- _Work required_
Could you retype exactly the lines below between the one holding "HASKELL School Black" and the one holding "女生手臂上黑灰素描点刺技巧文艺蝴蝶和玫瑰纹身图片", inclusive, leaving out any pictures?

*** Provided records

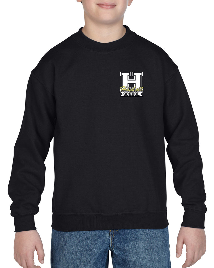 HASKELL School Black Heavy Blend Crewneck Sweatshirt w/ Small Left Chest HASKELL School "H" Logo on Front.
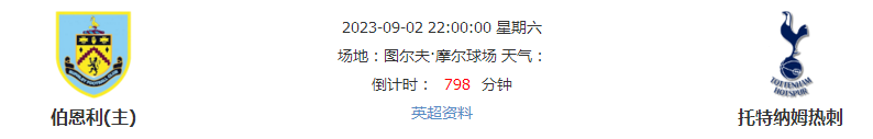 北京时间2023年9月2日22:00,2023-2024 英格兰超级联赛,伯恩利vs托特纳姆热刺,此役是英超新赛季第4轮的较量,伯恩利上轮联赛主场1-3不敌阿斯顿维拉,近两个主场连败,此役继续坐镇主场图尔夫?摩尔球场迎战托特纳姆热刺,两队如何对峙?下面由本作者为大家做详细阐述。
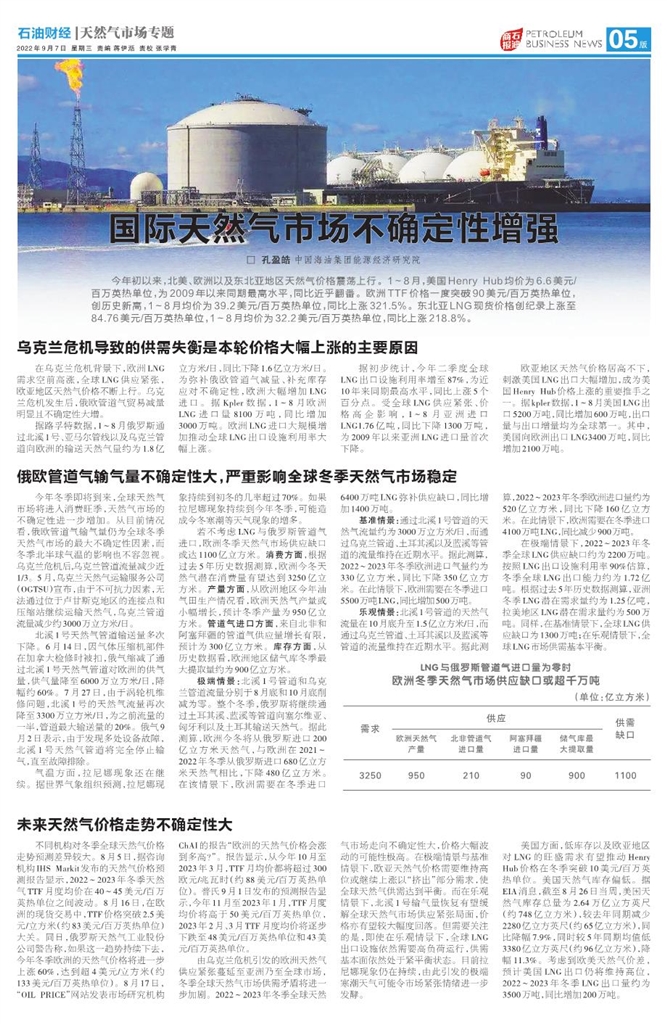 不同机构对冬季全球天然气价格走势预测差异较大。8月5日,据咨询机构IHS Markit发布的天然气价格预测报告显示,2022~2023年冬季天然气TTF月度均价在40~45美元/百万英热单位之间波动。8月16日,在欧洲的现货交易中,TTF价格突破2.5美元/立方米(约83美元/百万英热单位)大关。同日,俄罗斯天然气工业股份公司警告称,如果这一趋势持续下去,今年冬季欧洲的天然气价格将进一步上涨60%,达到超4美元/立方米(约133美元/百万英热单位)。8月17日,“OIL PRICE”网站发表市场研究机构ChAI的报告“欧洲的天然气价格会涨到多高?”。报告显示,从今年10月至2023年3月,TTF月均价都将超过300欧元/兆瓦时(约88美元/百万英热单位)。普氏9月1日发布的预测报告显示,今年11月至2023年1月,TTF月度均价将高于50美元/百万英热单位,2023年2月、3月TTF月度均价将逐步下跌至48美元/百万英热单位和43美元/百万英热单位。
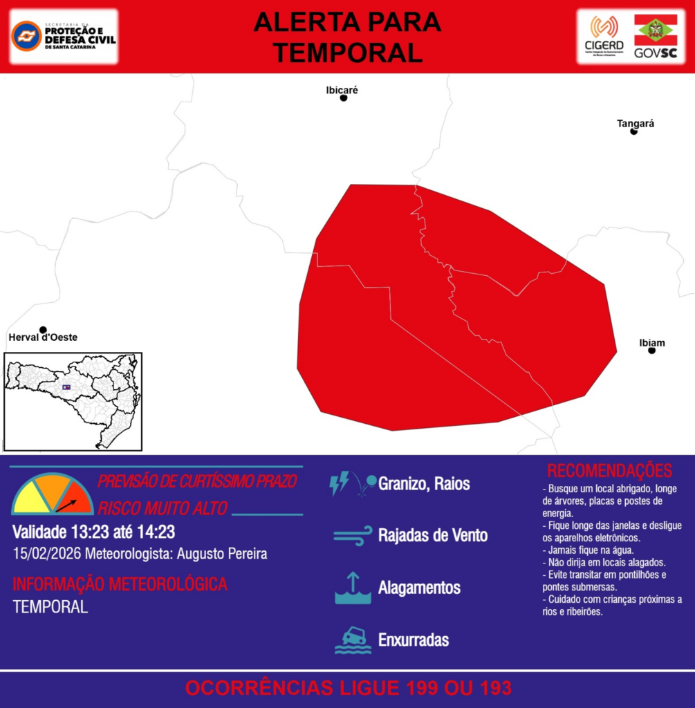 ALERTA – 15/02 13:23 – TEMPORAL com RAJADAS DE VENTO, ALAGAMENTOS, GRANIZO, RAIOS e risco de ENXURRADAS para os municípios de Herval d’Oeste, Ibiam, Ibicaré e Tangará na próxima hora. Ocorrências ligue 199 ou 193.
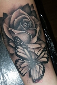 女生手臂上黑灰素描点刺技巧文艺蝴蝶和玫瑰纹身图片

******
*** Provided records

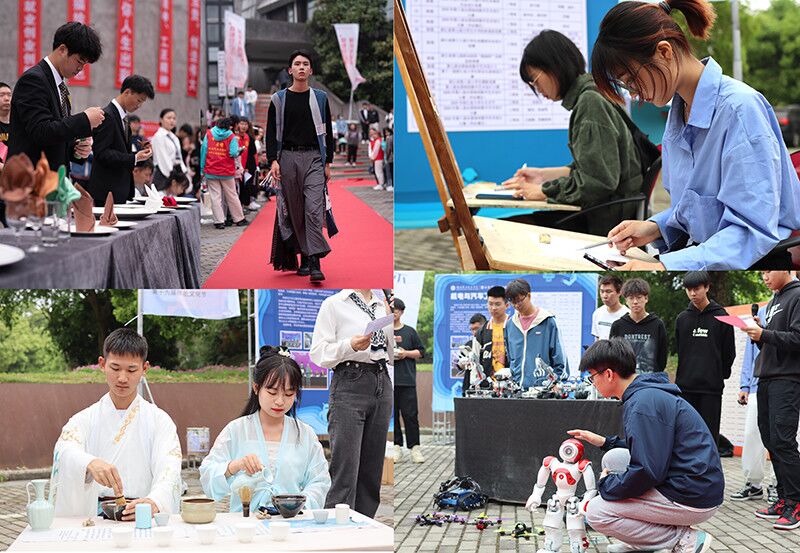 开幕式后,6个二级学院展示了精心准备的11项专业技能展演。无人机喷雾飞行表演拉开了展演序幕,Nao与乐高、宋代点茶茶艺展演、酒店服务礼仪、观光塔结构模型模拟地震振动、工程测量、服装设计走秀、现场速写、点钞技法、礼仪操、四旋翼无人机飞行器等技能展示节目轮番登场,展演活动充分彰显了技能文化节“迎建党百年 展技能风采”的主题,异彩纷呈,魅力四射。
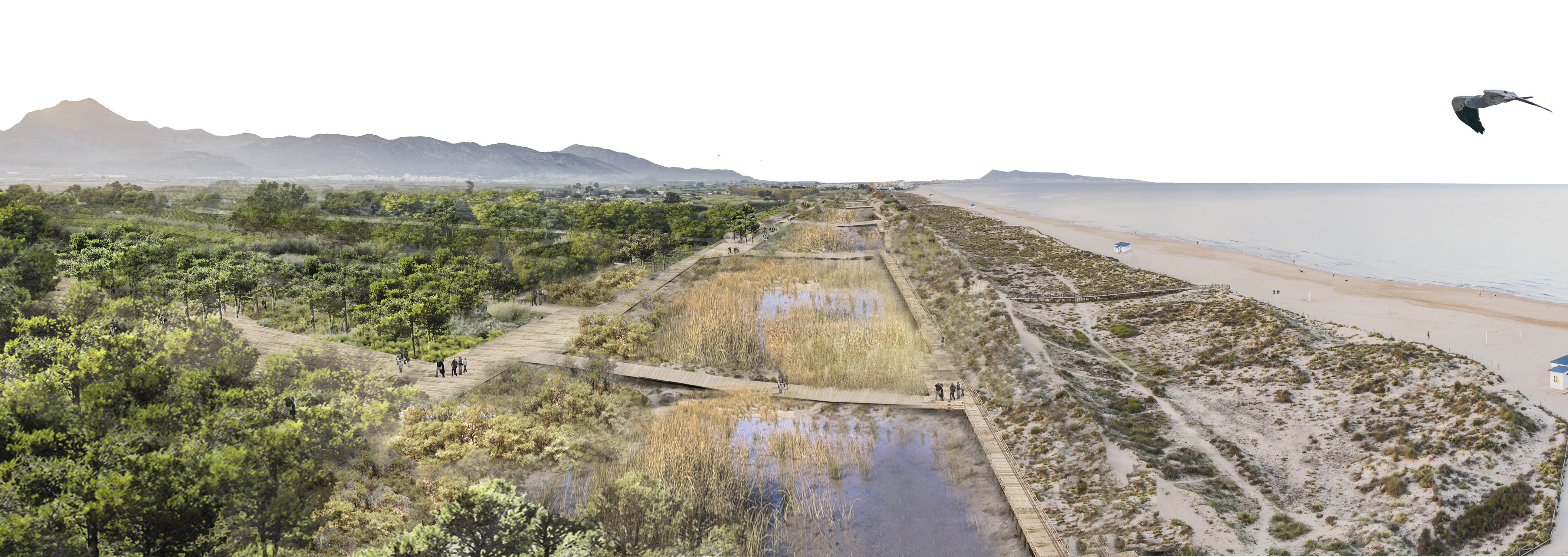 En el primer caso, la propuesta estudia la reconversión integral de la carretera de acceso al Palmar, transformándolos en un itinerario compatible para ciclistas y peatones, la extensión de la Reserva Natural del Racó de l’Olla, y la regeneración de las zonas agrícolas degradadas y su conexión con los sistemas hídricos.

******
*** Provided records

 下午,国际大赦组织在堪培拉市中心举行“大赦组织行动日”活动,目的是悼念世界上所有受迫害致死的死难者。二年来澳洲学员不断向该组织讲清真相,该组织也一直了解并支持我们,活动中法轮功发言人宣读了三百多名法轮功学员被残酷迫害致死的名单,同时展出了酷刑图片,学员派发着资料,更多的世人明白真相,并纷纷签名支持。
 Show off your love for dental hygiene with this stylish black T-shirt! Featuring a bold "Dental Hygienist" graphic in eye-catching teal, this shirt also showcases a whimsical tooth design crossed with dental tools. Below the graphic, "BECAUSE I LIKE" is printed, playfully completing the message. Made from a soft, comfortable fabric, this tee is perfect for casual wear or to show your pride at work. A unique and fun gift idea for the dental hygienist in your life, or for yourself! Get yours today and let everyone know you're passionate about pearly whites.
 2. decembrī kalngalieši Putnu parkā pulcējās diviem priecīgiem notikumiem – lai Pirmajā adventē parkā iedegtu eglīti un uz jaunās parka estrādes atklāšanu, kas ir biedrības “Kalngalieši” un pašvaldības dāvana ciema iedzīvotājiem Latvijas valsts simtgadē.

******

- _Task answer_
 HASKELL School Black Heavy Blend Crewneck Sweatshirt w/ Small Left Chest HASKELL School "H" Logo on Front.
 北京时间2023年9月2日22:00,2023-2024 英格兰超级联赛,伯恩利vs托特纳姆热刺,此役是英超新赛季第4轮的较量,伯恩利上轮联赛主场1-3不敌阿斯顿维拉,近两个主场连败,此役继续坐镇主场图尔夫?摩尔球场迎战托特纳姆热刺,两队如何对峙?下面由本作者为大家做详细阐述。
 不同机构对冬季全球天然气价格走势预测差异较大。8月5日,据咨询机构IHS Markit发布的天然气价格预测报告显示,2022~2023年冬季天然气TTF月度均价在40~45美元/百万英热单位之间波动。8月16日,在欧洲的现货交易中,TTF价格突破2.5美元/立方米(约83美元/百万英热单位)大关。同日,俄罗斯天然气工业股份公司警告称,如果这一趋势持续下去,今年冬季欧洲的天然气价格将进一步上涨60%,达到超4美元/立方米(约133美元/百万英热单位)。8月17日,“OIL PRICE”网站发表市场研究机构ChAI的报告“欧洲的天然气价格会涨到多高?”。报告显示,从今年10月至2023年3月,TTF月均价都将超过300欧元/兆瓦时(约88美元/百万英热单位)。普氏9月1日发布的预测报告显示,今年11月至2023年1月,TTF月度均价将高于50美元/百万英热单位,2023年2月、3月TTF月度均价将逐步下跌至48美元/百万英热单位和43美元/百万英热单位。
 ALERTA – 15/02 13:23 – TEMPORAL com RAJADAS DE VENTO, ALAGAMENTOS, GRANIZO, RAIOS e risco de ENXURRADAS para os municípios de Herval d’Oeste, Ibiam, Ibicaré e Tangará na próxima hora. Ocorrências ligue 199 ou 193.
 女生手臂上黑灰素描点刺技巧文艺蝴蝶和玫瑰纹身图片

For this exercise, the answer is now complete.